Dysregulated iron metabolism is associated with altered body composition and nonalcoholic fatty liver disease (NAFLD); however, mechanisms underlying this association remain undefined. We investigated this association in 117 women. Middle-aged women (≥45 years old (y)) were heavier and had lower serum iron, higher serum hepcidin, ferritin, and severe NAFLD incidence than young adult women (<45 y). Age-adjusted linear regression analysis revealed that young adult women with the highest serum iron:ferritin ratio (Tertile 3) had a 5.08-unit increased percentage of muscle mass [β = 5.08 (1.48–8.68), p < 0.001] and a 1.21-unit decreased percentage visceral fat mass [β = −1.21 (−2.03 to −0.39), p < 0.001] compared with those with the lowest serum iron:ferritin ratio (Tertile 1; reference).

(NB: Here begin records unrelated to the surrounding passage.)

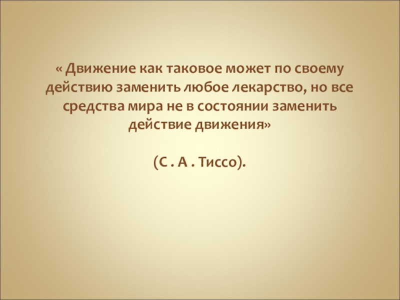 Слайд 2« Движение как таковое может по своему действию заменить любое лекарство,
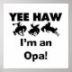 Yee Haw Eu sou uma camiseta Opa, canecas, cartões, adesivos, botões de anúncio, keepsakes opa, e outros presentes opa com um cavalo de entrelaçamento e design de texto preto ou branco. Estes itens de roupa de opa e presentes são perfeitos para avós pela primeira vez ou opas temperadas de uma nova chegada!
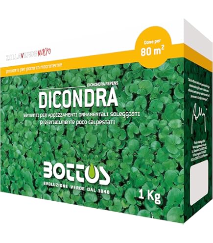 MODO D'USO: Distribuire i semi per prato resistente uniformemente a mano o con uno spargitore su prato asciutto e tagliato. L'effetto finale è una morbida moquette naturale composta da piccole foglie carnose di forma tondeggiante e di colore verde brillante. Semi Prato Resistente Flortis Dichondra Repens. Semi Per Prato Resistenti Alla Siccità Dicondra Repens Prato CARATTERISTICHE: Essenza perenne, semi prato resistente alla siccità che non richiede eccessive irrigazioni e tosature. La dichondra repens semi adora la luce del sole, ma può essere seminata anche in zone d'ombra poichè garantisce copertura uniforme e resistente del prato ombreggiato. Fidati del Made in Italy di qualità. dichondra prato taglia seenti repens see grai giardino Una pianta tappezzante, soluzione ideale per chi desidera un prato denso senza bisogno di costante manutenzione poichè raggiunge una altezza massima di circa 3 cm. EFFICACIA AL SOLE E ALL'OMBRA: confezione da semi per prato 250g fino a 25m². Periodo di applicazione: da maggio a ottobre, 2-3 volte all'anno. COMPOSIZIONE: Dichondra Repens 100%.
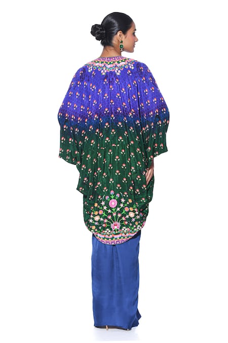 Blue and green ombre batwing sleeves front open shrug with baroque bloom print and clustered beads hand embroidery on the borders. Paired with a purple blouse featuring fleur print and a blue draped skirt with cascading front pleats detailing.
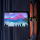 Uma paisagem de abstrato com cores e texturas únicas mostrando uma cena de montanha com árvores e neblina névoa em tons de roxo, azul, lacre e ciano.
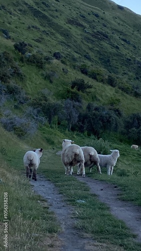 © Heavenlyflower, Obraz premium Sheep and lambs walking on the mountain. Sheep on the hill
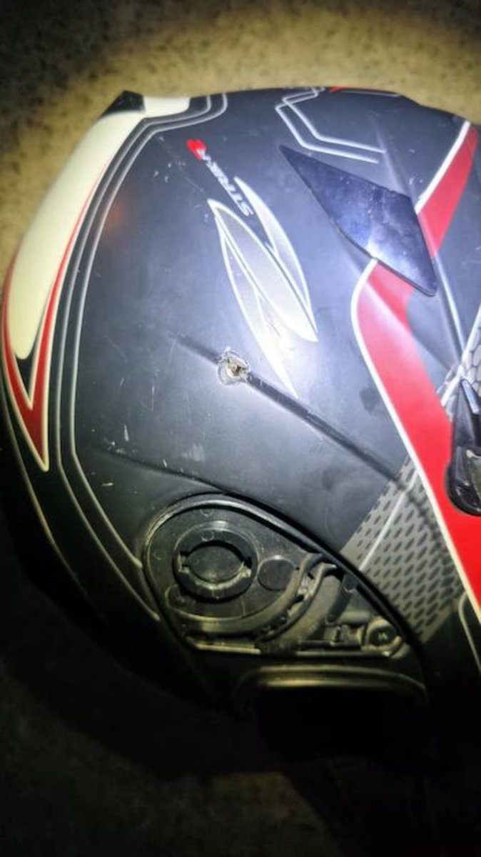 Hubo un detalle clave que salvó al damnificado de un desenlace todavía peor: el proyectil quedó alojado en el casco que llevaba puesto. Esa es la suerte que no corrió el malhechor, que pese a ser hospitalizado perdió la vida horas después debido a la magnitud de sus lastimaduras.
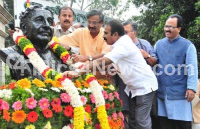 Photo Caption : Dr Nalloor Prasad with Dr Guddadahalli B Krishna, Ramanna KodihosahalliKC Jagannath Reddy, Anil Kumar, Sriramegowda and others garlanding National Poet Kuvempu, celebrating his 111th Birth Anniversay, at Lalbagh, in Bengaluru on Monday 29th December 2014
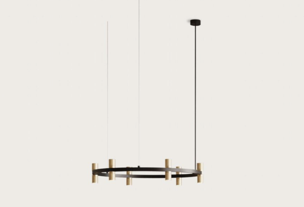 Tura chandelier in Matt Black and Aged Gold.
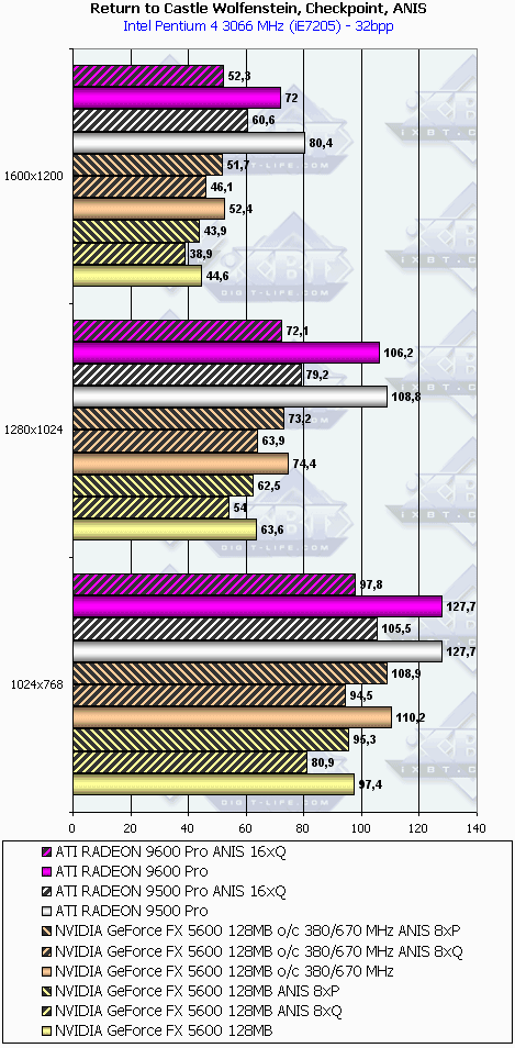 - Return to Castle Wolfenstein (MultiPlayer) (id Software/Activision) OpenGL, мультитекстурирование, Checkpoint-demo, настройки тестирования все на максимально возможном уровне, S3TC OFF, конфигурации можно скачать тут
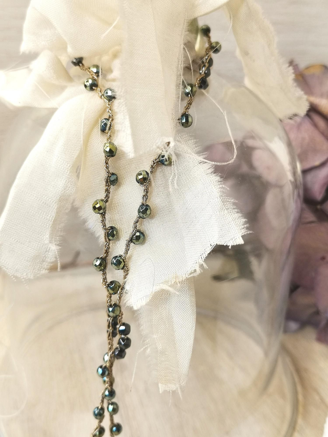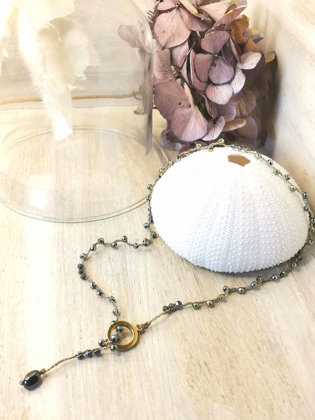 Collier au fil métallisé doré crocheté avec perles hématite bleu vert et anthracite. Fermoir en acier inoxydable plaqué or.
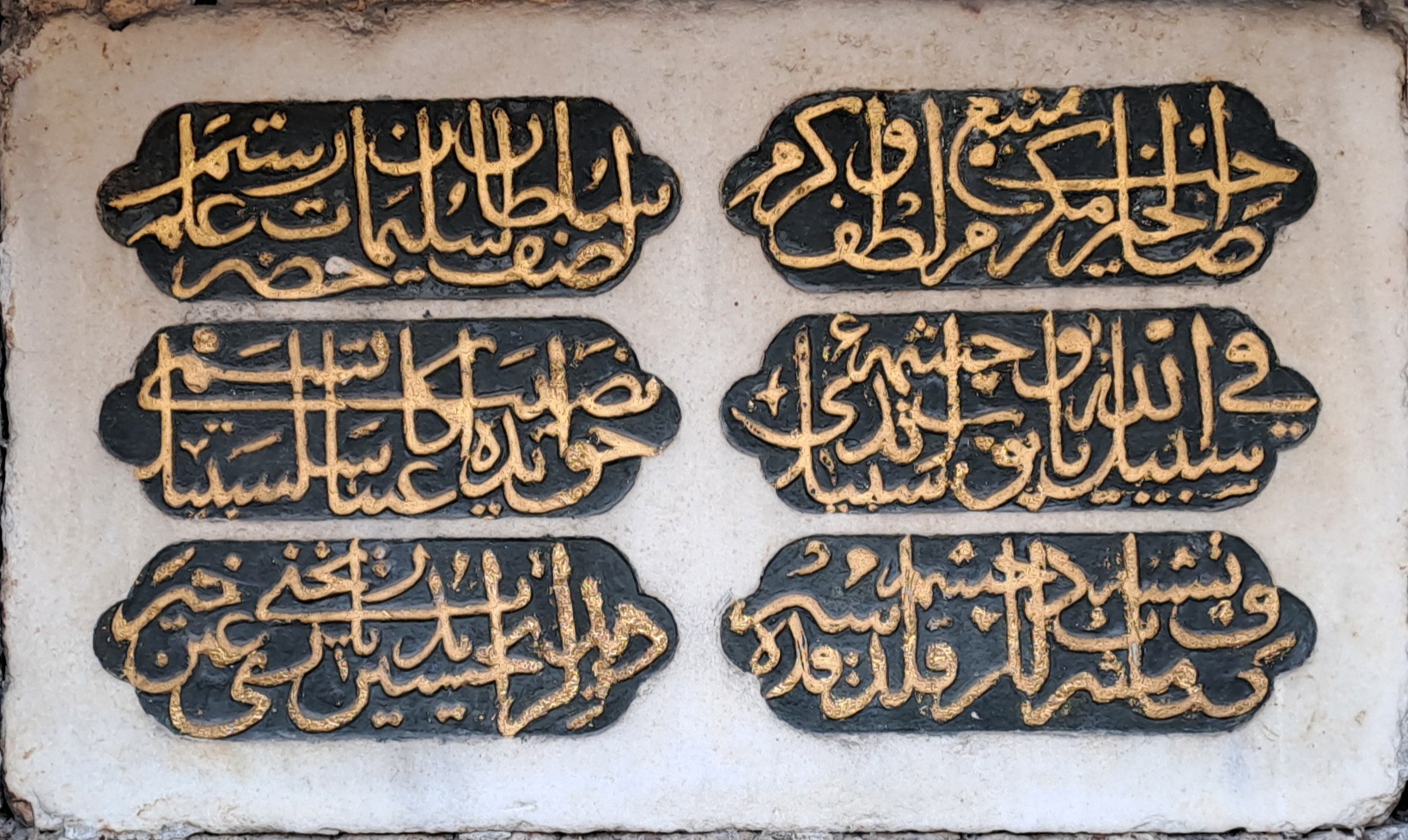 | Rüstem Paşa Çeşmesi Kitabesi 3 satır – 2 sütun 1 Sâhibü’l-hayr-ı mükerrem menbaʽ-ı lutf u kerem Âsaf-ı Sultân Süleymân Hazret-i Rüstem-alem 2 Fî-sebîlillâh yapıp bu çeşmeyi etdi sebîl Hak nasib ede ona “Aynan tüsemmâ Selsebîl 3 Sâf-meşreb teşne-diller çeşmeyi kıldıkda seyr Dediler tahsîn edip târîhini “zî ayn-ı hayr (Kaynak: https://kulturenvanteri.com/ E.T:15.5.2022) |
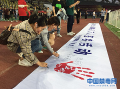 图为演唱会观众在禁毒横幅上签名。中国禁毒网发 中国禁毒网讯 5月11日晚,王力宏世界巡回演唱会徐州站在江苏徐州市奥体中心体育场举行,徐州市禁毒办联合市公安局政治部宣传处...
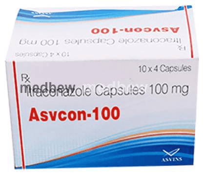 Asvcon 200 Capsule belongs to a group of medicines called antifungals. It works by stopping the growth of fungi and is used to treat infections of the mouth, throat, vagina, and other parts of the body including fingernails and toenails. It kills fungi by destroying the fungal cell membrane.
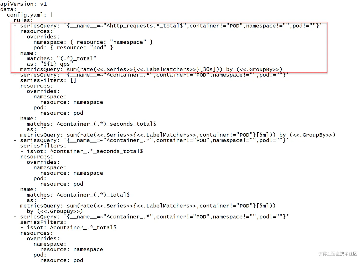 prometheus-adapter不能动态加载配置,需要kubectl delete pod prometheus-adapter-xx,让Pod重启加载最新配置。
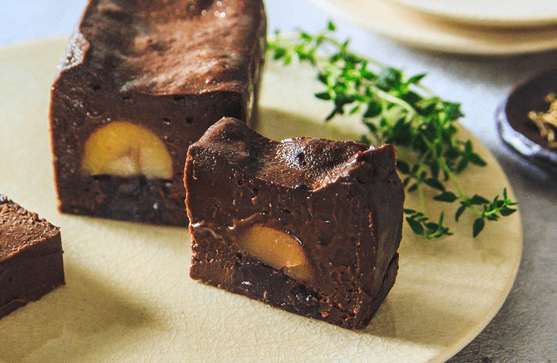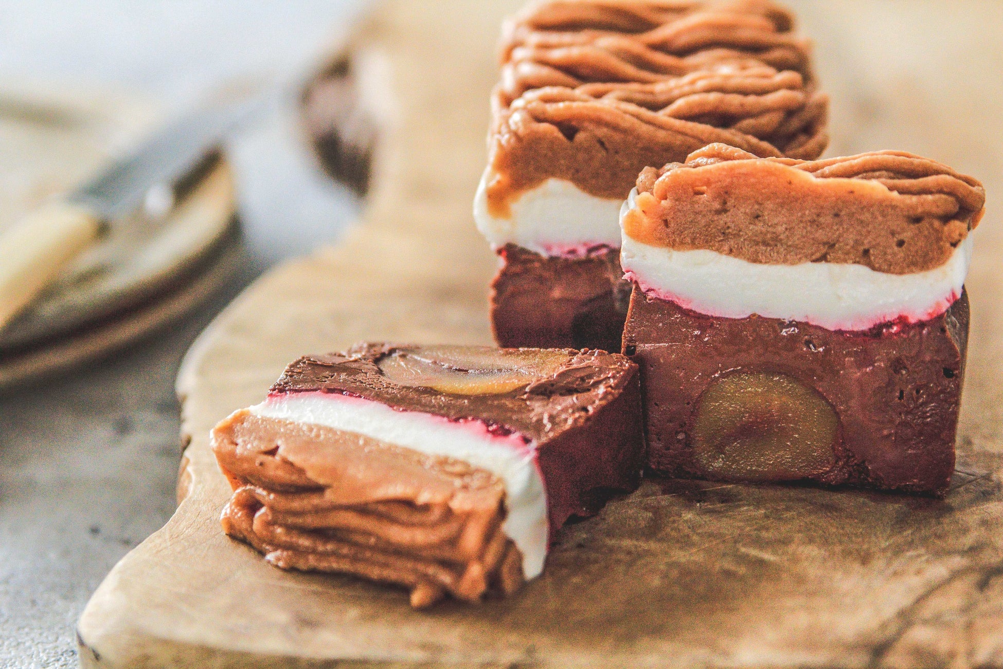3.中心には熊本産の栗の渋皮煮をゴロっと入れ、ひと口ごとに栗と生ガトーショコラをトータルに味わえるように。

The iron:ferritin dietary pattern, characterized by high consumption of beef, lamb, dairy products, fruits, and whole grains, and low consumption of refined carbohydrates (rice, noodles, and bread and pastries), and deep- and stir-fried foods, predicted a 90% [odds ratio: 0.10, 95% confidence interval: 0.02–0.47, p < 0.001] reduced risk of mild vs. moderate and severe NAFLD in young adult women. Our findings suggest that the serum iron:ferritin ratio more accurately predicts body composition and reduced risk of severe fatty liver progression in young adult women compared to middle-aged women.

Keywords:

non-alcoholic fatty liver disease; serum iron; serum ferritin; body composition; dietary pattern

1. Introduction

Nonalcoholic fatty liver disease (NAFLD) is the most common cause of chronic liver disease worldwide [1]. However, mechanisms underlying the etiology and progression of NAFLD remain unclear. NAFLD can progress from fat accumulation in the liver (steatosis) to nonalcoholic steatohepatitis (NASH) or from NASH to fibrosis or cirrhosis. Recently, NAFLD is considered to be the hepatic manifestation of metabolic syndrome (MetS) because NAFLD is strongly associated with obesity and the clustering of metabolic risk factors, including dyslipidemia and insulin resistance (IR) [2,3]. Emerging evidence suggests that iron contributes to NAFLD progression [3]. Although the role of hepatic iron in the progression of NASH, fibrosis, or cirrhosis remains inconclusive [4], dysmetabolic iron overload syndrome (DIOS) is commonly associated with obesity or obesity-related comorbidities, such as NAFLD and MetS [5]. Iron has been reported to serve as “the first hit” to promote liver steatosis through lipid interference [6] or glucose metabolism [7]. IR or iron-mediated lipid peroxidation and oxidative stress can trigger necrotic inflammation leading to the progression of steatosis to NASH and, subsequently, to cirrhosis [8]. Furthermore, elevated hemoglobin and serum ferritin levels are independent risk factors for NAFLD [9,10].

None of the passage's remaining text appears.